In early February 1945 the Squadron began re-equipping with Spitfire Mk IX.HF(e)’s primarily in order to carry out dive-bombing attacks on the mobile launch sites of the V2 rockets, mainly in the woodland area around The Hague in the Netherlands. On 10 February, the unit moved to RAF Coltishall, Norfolk, the nearest sea-crossing to the target, 120 miles. The V2 rockets had been developed by Wernher von Braun at the Peenemünde Army Research Center. The first rockets to hit London had been in early September 1944. 124 Squadron became the fifth of six squadrons of Spitfire dive-bombers deployed to attempt to take out the mobile launching sites, by flying sorties known in the RAF as ramrods (daylight bomber sorties on specific targets). Attacks were made in two ways.

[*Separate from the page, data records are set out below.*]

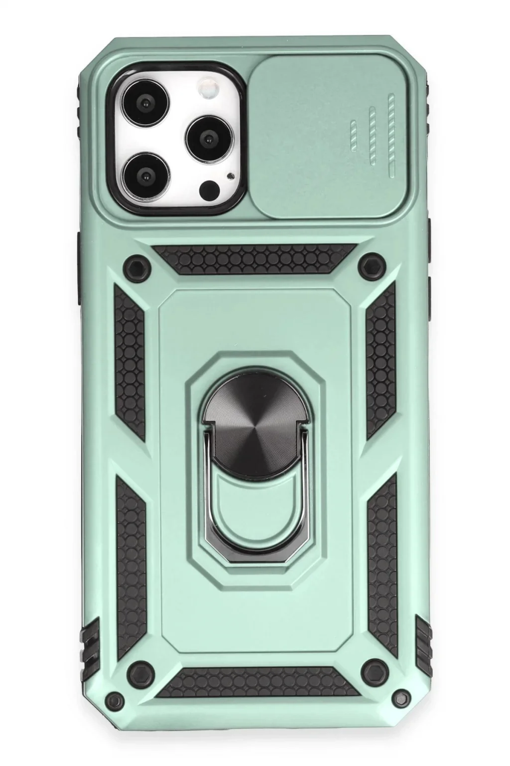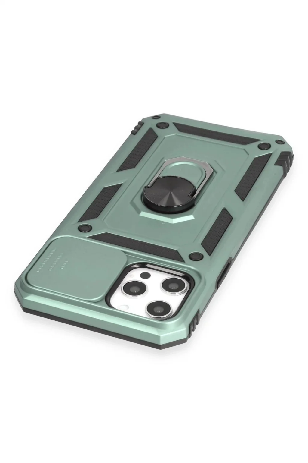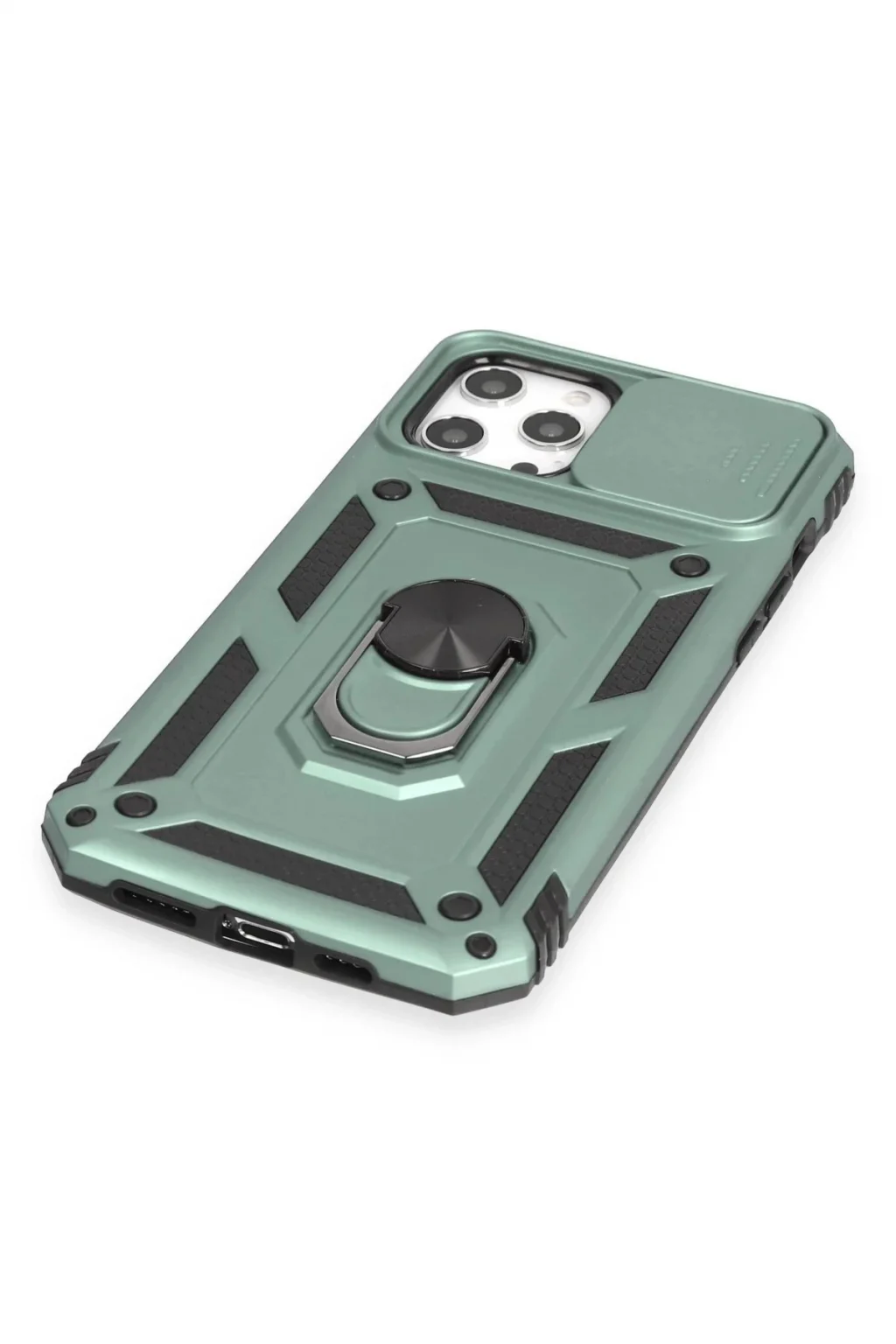 iPhone 12 Pro Max Kılıf Pars Lens Yüzüklü Silikon - Yeşil-(5796)
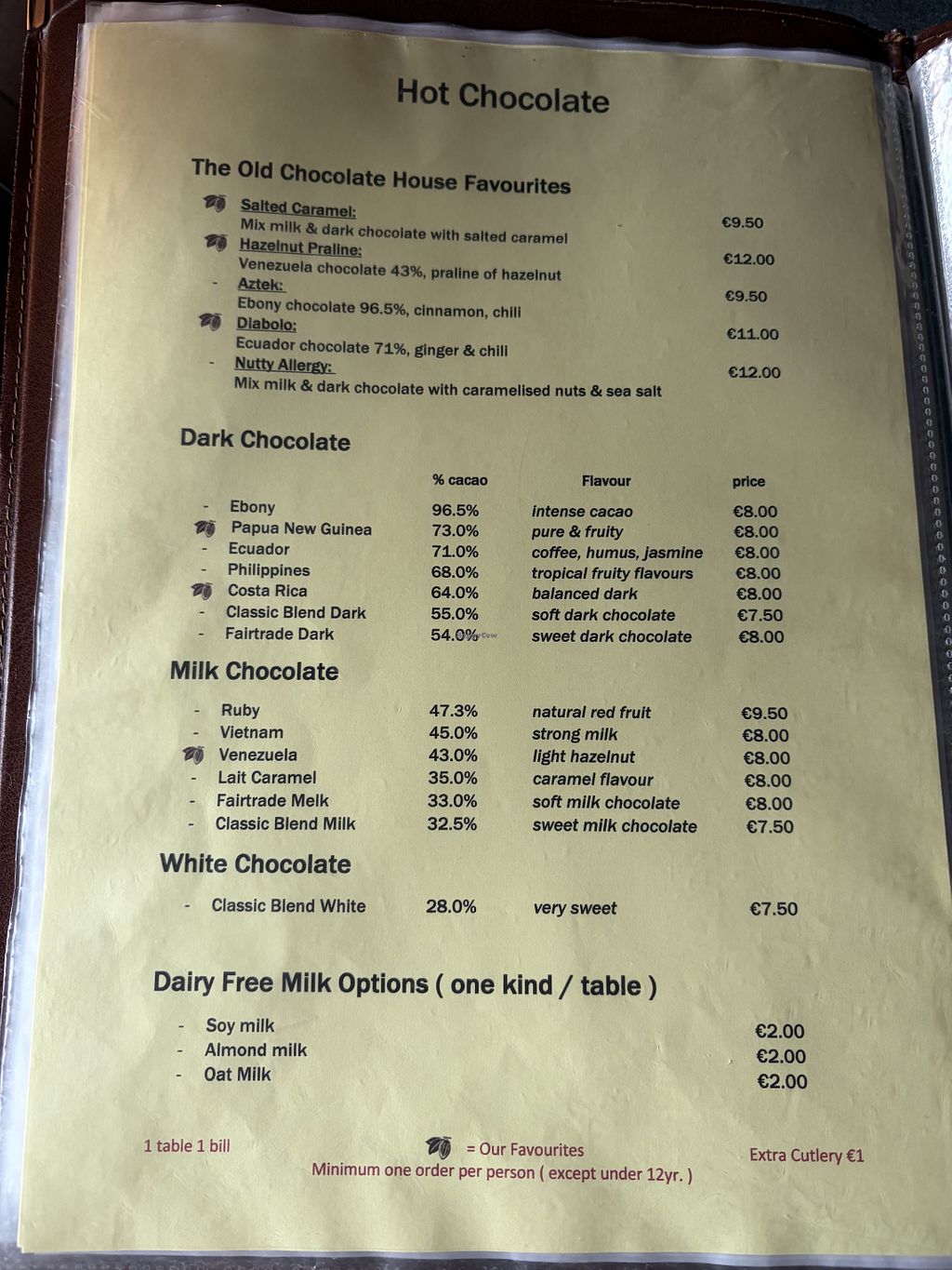 50-ish% (sweetest option) dark chocolate 8€ + oat milk 2€ (🙄)
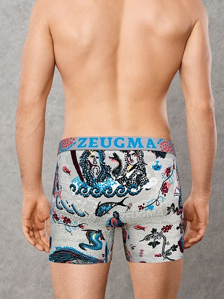 Мужские облегающие трусы-боксеры с принтом, имитирующим древние мозаичные панно из археологических раскопок. Эластичный дышащий материал из смеси натуральных волокон (хлопок + модал) очень приятен для тела и подходит для ежедневного использования. Удобный анатомический крой без заднего шва. Передняя панель из двойного слоя материала. На поясе мягкая и комфортная пришивная резинка с фирменным логотипом бренда «Doreanse» и названием коллекции «Zeugma».
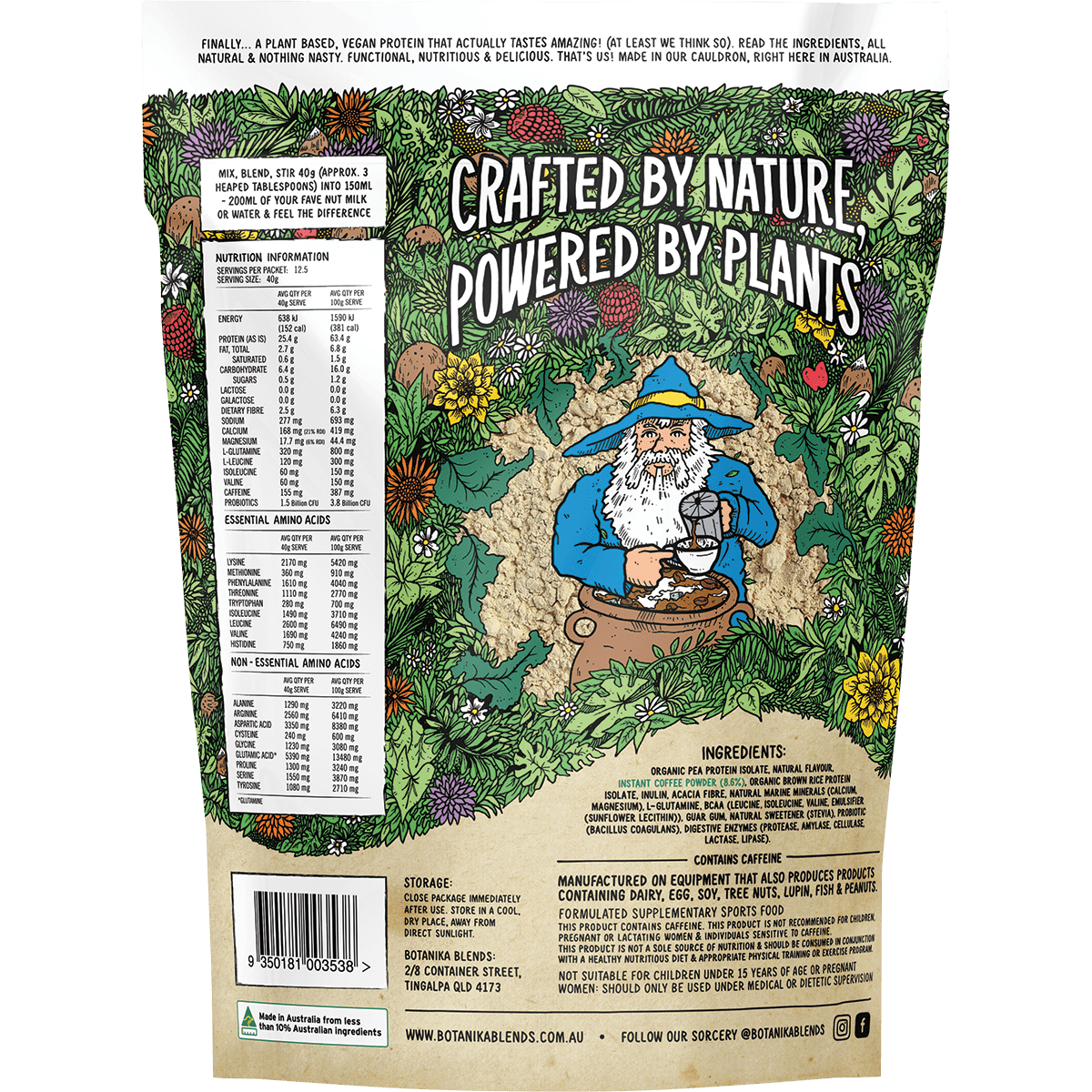 Introducing Botanika Blends Plant Protein Double Shot Iced Coffee – the perfect fusion of energising coffee and nourishing plant-based protein! This delightful blend is designed for those who crave a delicious pick-me-up without compromising on health. Whether you're an active individual looking to fuel your workouts or simply someone who enjoys a refreshing iced coffee treat, this protein-packed beverage is crafted to meet your needs. With a focus on clean, organic ingredients, you can sip with confidence knowing you're nourishing your body while indulging in rich coffee flavour.
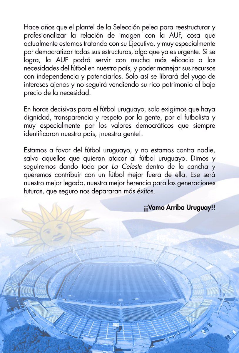 Estamos a favor del fútbol uruguayo, y no estamos contra nadie, salvo aquellos que quieran atacar al fútbol uruguayo. Dimos y seguiremos dando todo por La Celeste dentro de la cancha y queremos contribuir con un fútbol mejor fuera de ella. Ese será nuestro mejor legado, nuestra mejor herencia para las generaciones futuras, que seguro nos deparan más éxitos.
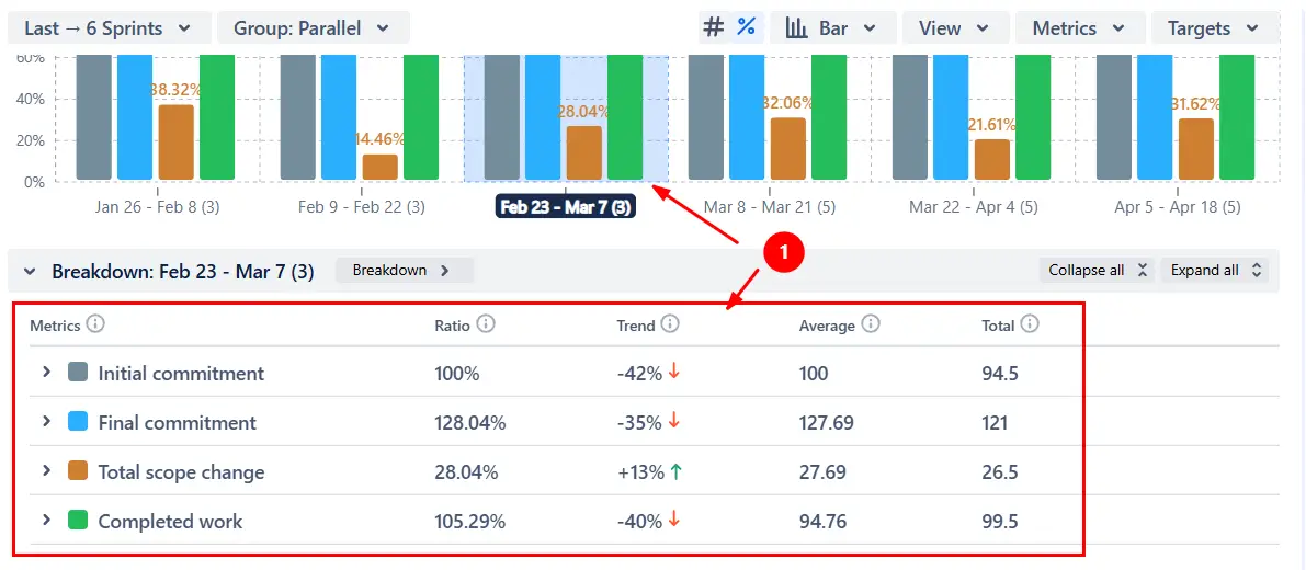 The Planned vs actual graph goes beyond high-level metrics by letting you open the Breakdown table for any sprint or interval (1️⃣). For each metric (Initial commitment, Final commitment, Total scope change, Completed work), you can see:
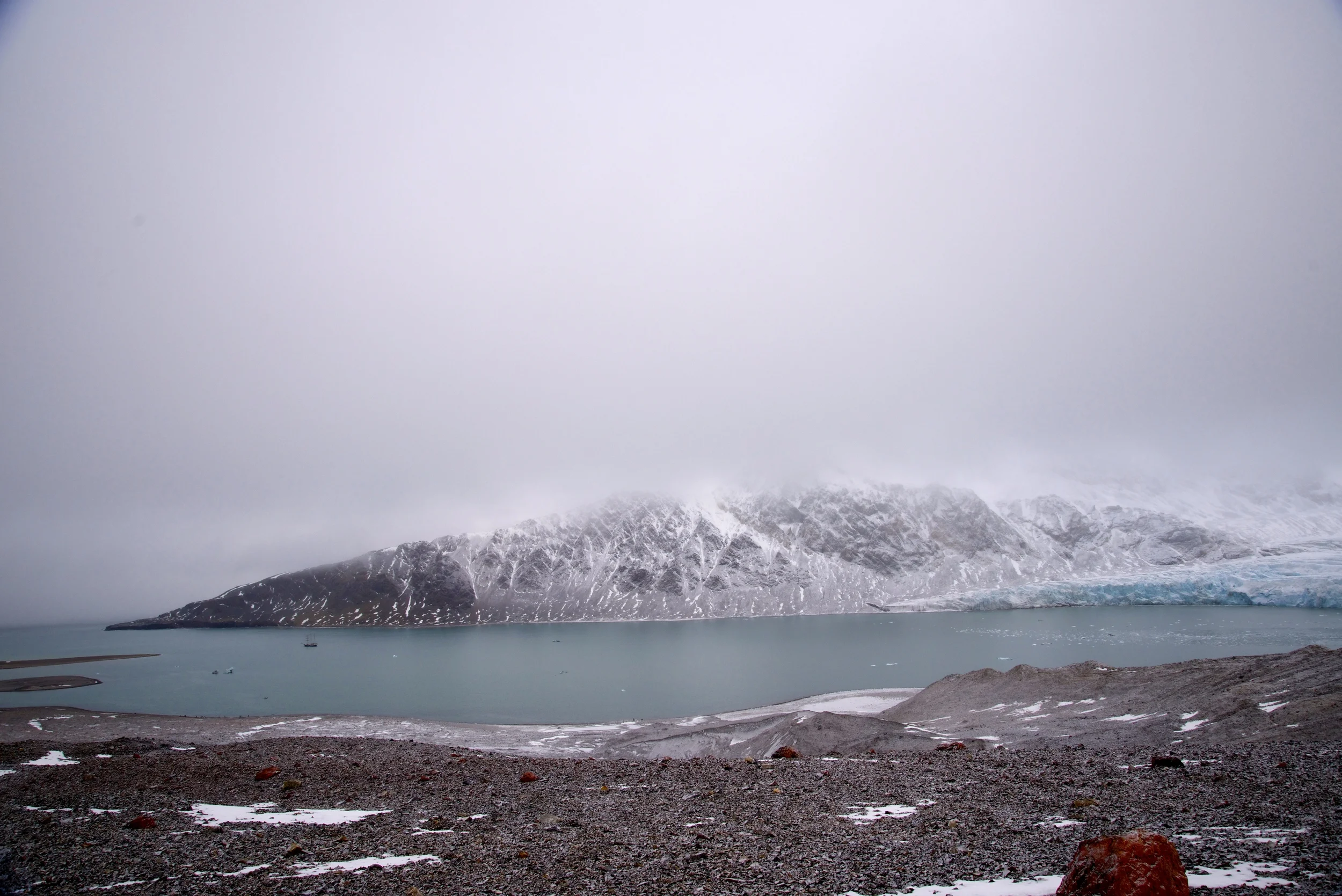 The sea this morning was not the same glassy surface on which we were gently rocked to sleep. A strong southerly wind had forced us to raise anchor and move in the night, and I was all but tossed out of my top bunk when my cabinmate's alarm sounded at 7:20. It was still dark on deck, and actively gesticulating, but I was alone for the first time in two days, watching the face of Esmarkbreen illuminate slowly. I might have also taken the opportunity to do some squats, lunges, push-ups and sit-ups. Going on six days without riding my bike and my trousers are already tighter...
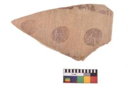 | Description / विवरण | A specimen of a potsherd. It is reddish in colour with black decorative geometric painting on it. |
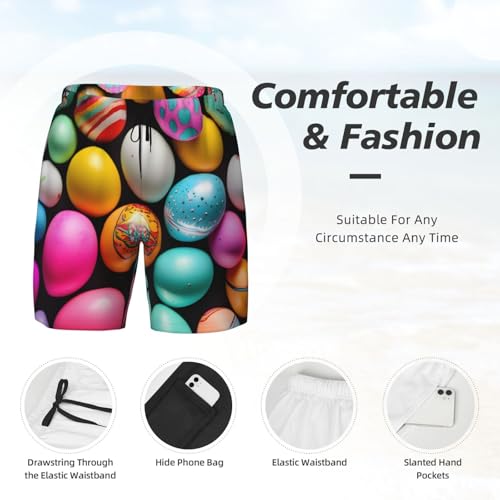 HOT ! Easter Eggs Men's Soft Double Swim Shorts, Lounge Swiming Shorts Pants Breathable Summer
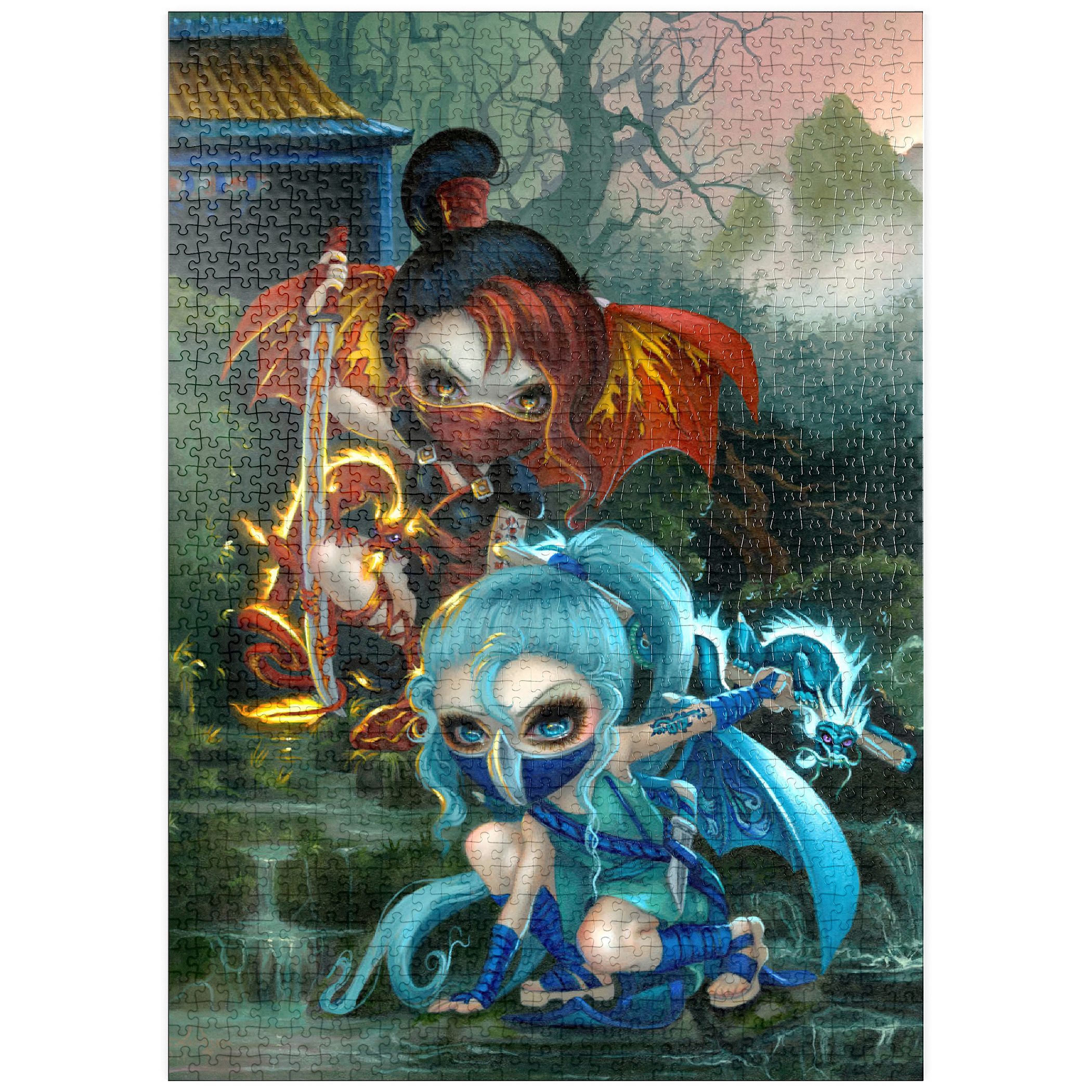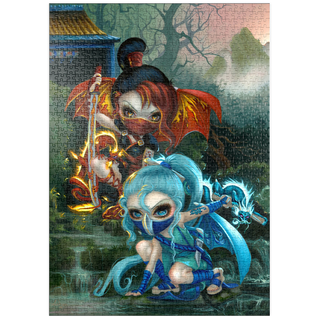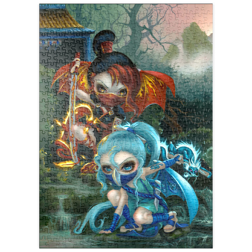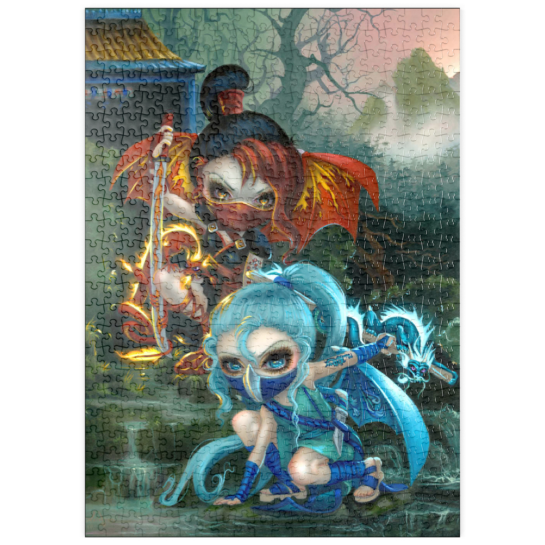 Entfesseln Sie die Ninja-Drachenbabys in einem fesselnden Puzzle! Stellen Sie Yuriko, die Feuer-Ninja, und Izumi, die Wasser-Ninja, inmitten einer atemberaubenden, asiatisch inspirierten Berg- und Wasserfallkulisse zusammen. Diese niedlichen, aber heimlichen Drachenbabys sind zusammen mit ihren leuchtenden Haustierdrachen abgebildet. Setzen Sie dieses einzigartige Fantasy-Abenteuer zusammen!

Firstly, on days when the Squadron received clearance from the RAF Second Tactical Air Force (known as the 2nd TAF) for use of liberated airfields in Belgium, squadron aircraft each dropped a 1000 lb bomb-load onto the target. This consisted of a 500lb bomb under the fuselage, and a 250 lb bomb under each wing. After the attacks, they flew on to one of the liberated airfields – Advanced Landing Grounds – most frequently Ursel Airfield, Maldegem and Kleine Brogel, for refuelling, before return to Coltishall. On a few occasions, they refuelled and also re-armed, to enable further attacks on the launch sites in the Netherlands during the return flight to base.

Alternatively, on days when clearance was not available from 2nd TAF for use of these forward airfields, the bomb-load was 500 lbs. The 500 lb bomb under the fuselage was replaced by a drop tank (referred to at the time an overload tank) needed for the extra fuel for out-and-return sorties. The drop tanks were jettisoned on approach to the Dutch coast, when the pilot switched to the full main fuel tank.

Operations were preceded by early morning photo reconnaissance and/or met flights to try to pointpoint the latest positioning of the mobile launchers, and to check for sufficient visibility and cloud base. After the resulting briefing, the Squadron Leader was responsible for finding the target area and leading all twelve aircraft into the attack on the launch site(s). 124 Squadron's dive bombing runs at the targets usually started at 11,000 feet, with a steep dive of 60 degrees, to an optimum release height of 4,000 feet. During the dive, each pilot attempted to pick out the rocket launcher amongst the trees. Pulling out of the dive at up to 350 mph at the release height resulted in high G forces which could cause pilots temporarily to black out. To deal with this possibility, during the dive pilots trimmed the aircraft so that it automatically pulled up if pressure on the stick was relaxed - as happened during blacking out. The main danger on these operations was not fighter defence, but heavy flak particularly along the coast and during the descent to drop the bombs.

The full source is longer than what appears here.